When they reached the house she asked him directly, ‘If you think Qirum’s death is my fault, why release me?’
‘If you are innocent, it is just. If you are guilty, you will take your “gift” back to your own people. And, listen to me.’ He leaned towards her, his face hard, dark, grim. ‘I am but a soldier; I am no priest. But now I curse you. You and all your cowardly kind, you Northlanders. For what you have done here, your black crime, may our gods destroy you, and may your own gods, the mothers of sea and sky and earth, desert you. And as for you, I will wait for you in the underworld.’ And he turned and hurried away.
Milaqa, deeply shaken, ducked quickly inside.

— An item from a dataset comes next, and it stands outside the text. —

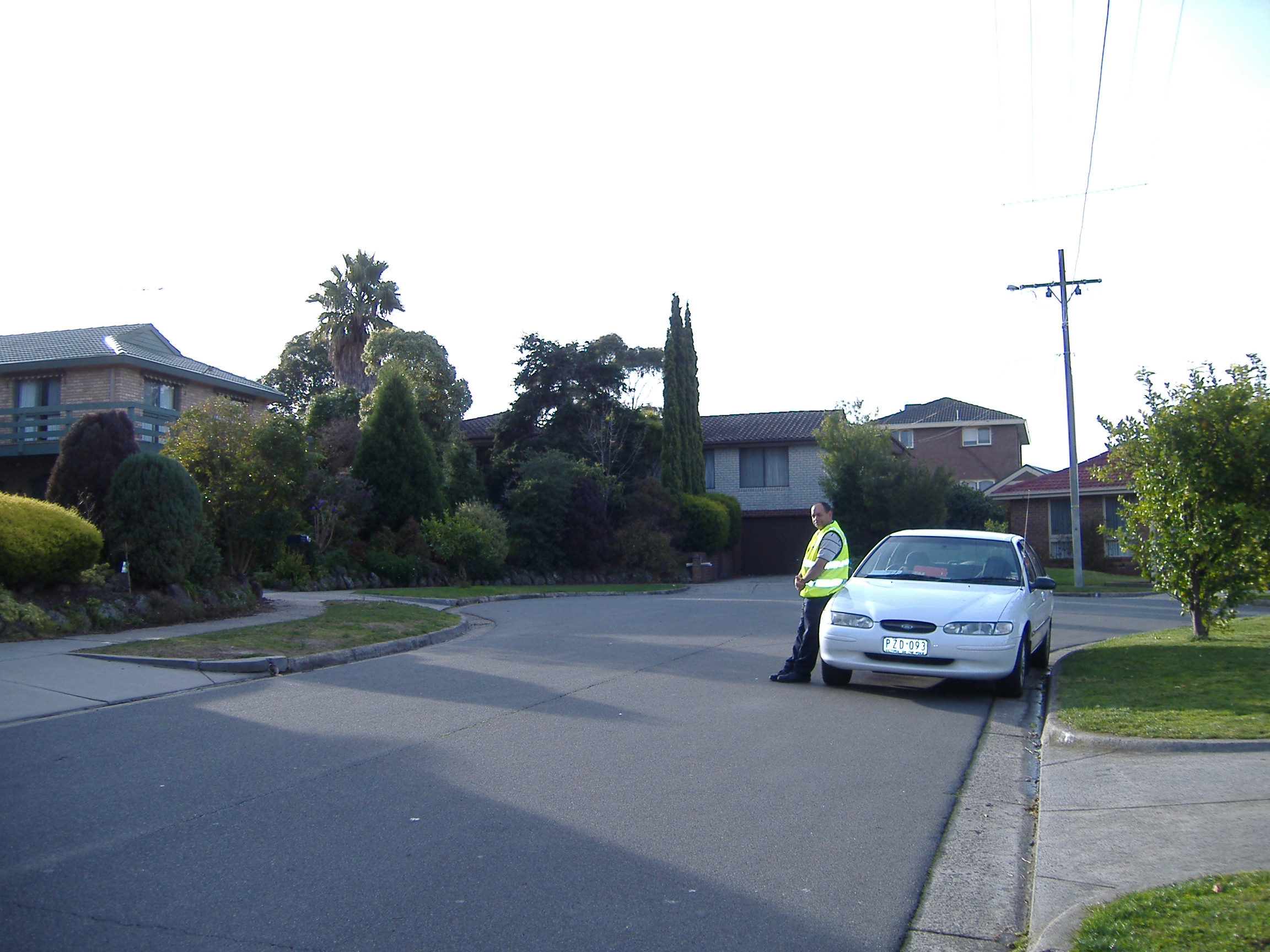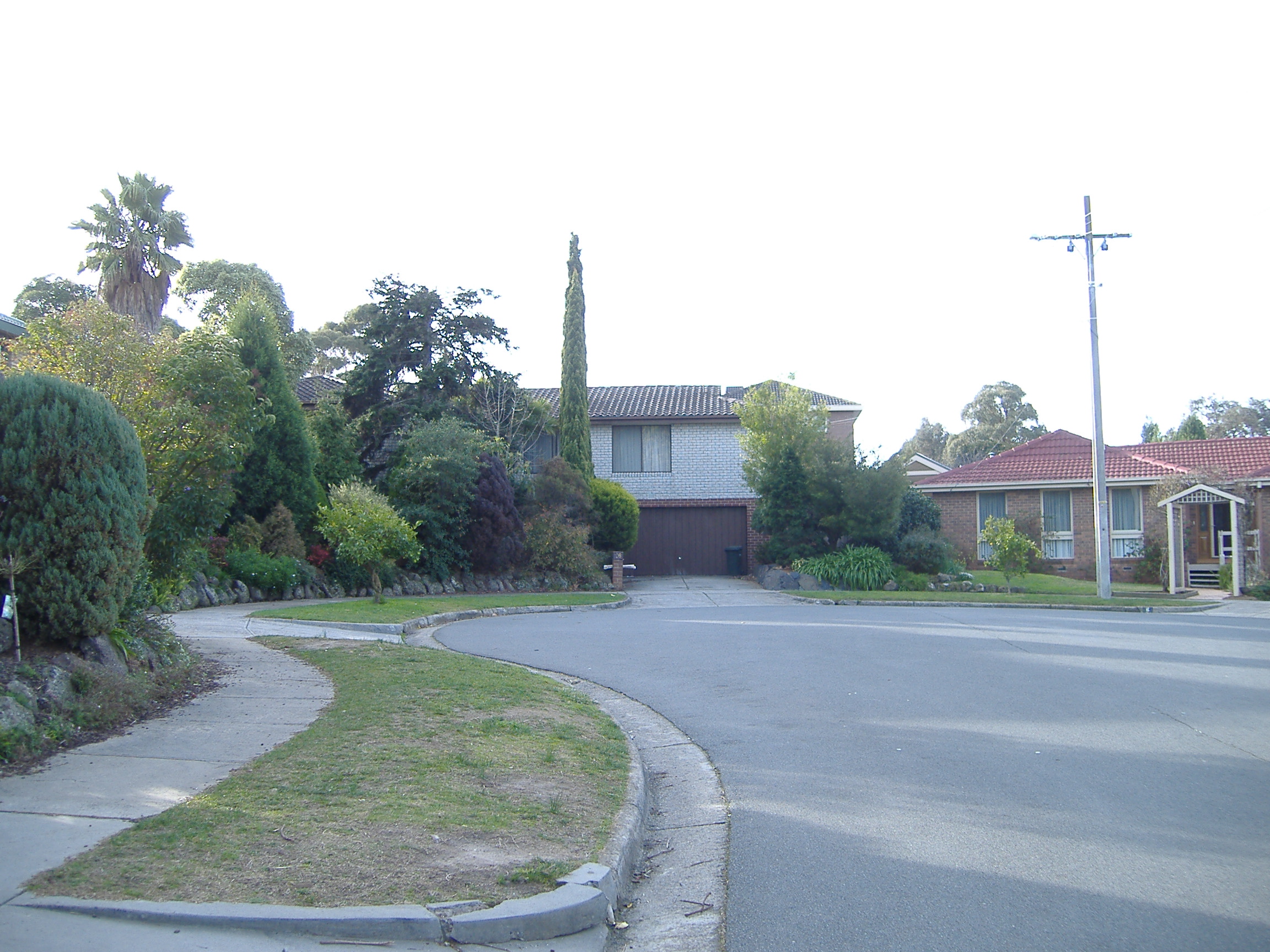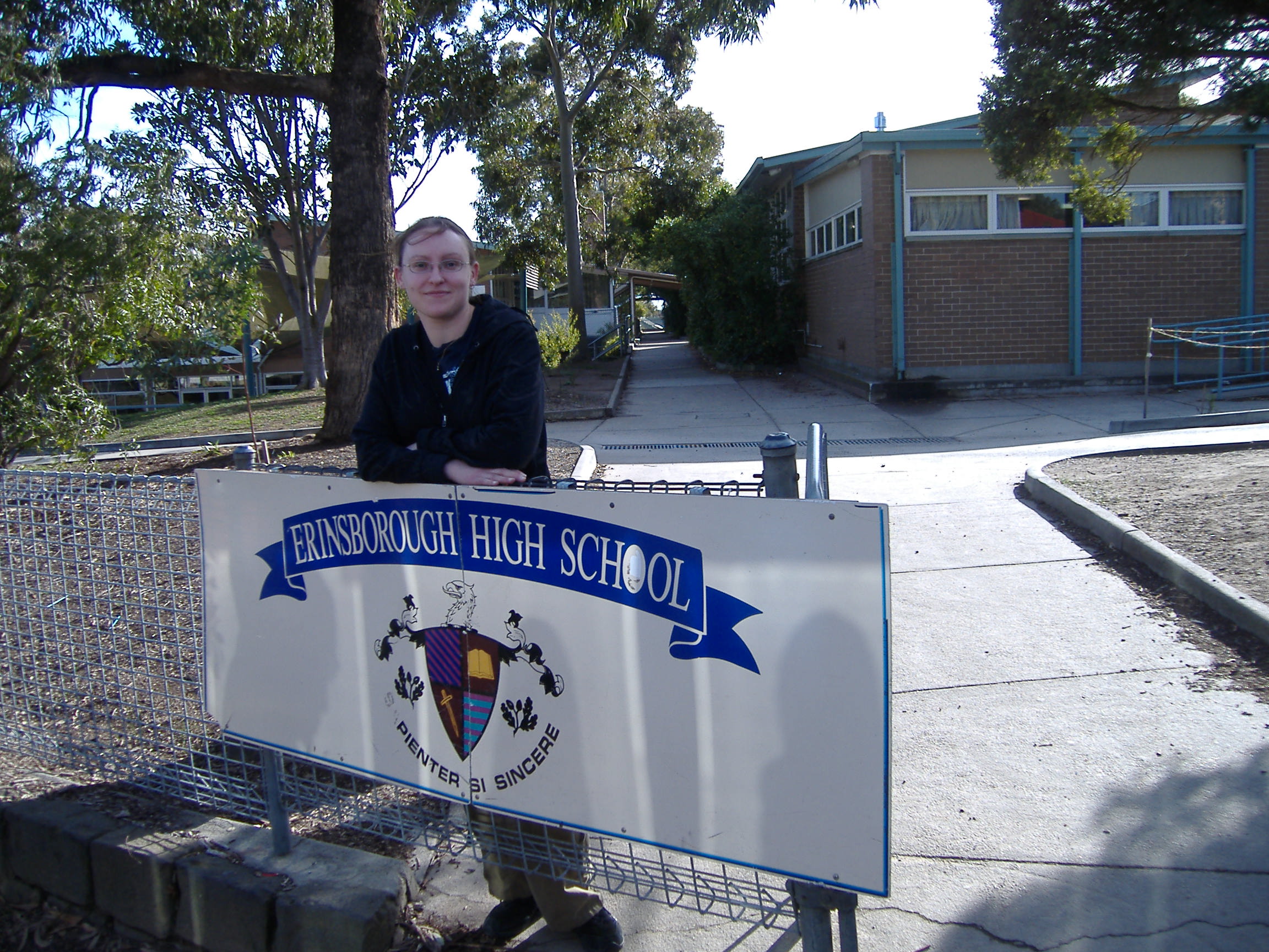 First stop was the ‘shop’ – well a few T-shirts and videos on a shelf. Then we headed off into the suburbs. First location was the school used as Erinsborough High called Blackburn School and taught English to non-natives. Our guide got a paste board sign out of the back of the bus, then hooked it on the fence – voila! Instant Erinsborough High! After a photo op we were back on the bus (we had a DVD player on board and got to watch some episodes while we were driving about, Scott & Charlene’s wedding and Brad & Beth’s, along with some music videos made by several actors / actresses).

By the light of a single lamp, Teel sat by a couch, on which Raka lay under a heap of blankets. The Annid was unconscious. Milaqa saw swellings on her neck, like those on Qirum’s body.
Teel, too, looked waxy, pale, and was breathing heavily. ‘This gift of Kilushepa’s travels quickly.’ He laughed, and coughed.
The world seemed to swivel around Milaqa. ‘Then it’s true. You sent me to kill Qirum, not to woo him.’
‘I’m sorry.’ Teel stood stiffly. ‘Oh, I am so tired . . . I’m sorry, child.’
Milaqa launched herself at him. He tried to hold her off, but she was stronger than he was, and he could not stop her blows. ‘How could you? You are my uncle! All my life you have used me. How could you betray me like this?’
‘We had to,’ he said. ‘Because only you could do it. Only you, child! You with your relationship with Qirum. You with your heart like an empty cup. Only you would go back to the man, knowing what he had done
to your own family
. In a way you’re as much of a monster as he is. So we used a monster to trap a monster! It had to be done. Can’t you see that?’ Coughing, he sat again, clutching his chest. ‘Well, remember me, Milaqa, even if you can’t forgive me. I’m a sort of anti-Qirum, you know. I don’t suppose you’ll ever understand that. If a warrior brute like Qirum is the kind his country needs, brave, impulsive, impressive, I am what Northland needs. Cold, manipulative, scheming. I can imagine which of us history will favour. But
you
must remember me, I am the man who gave Northland iron, and changed the world. Ah, but none of it matters. I did love you so much when you were small. I’m sorry that it has come to this.’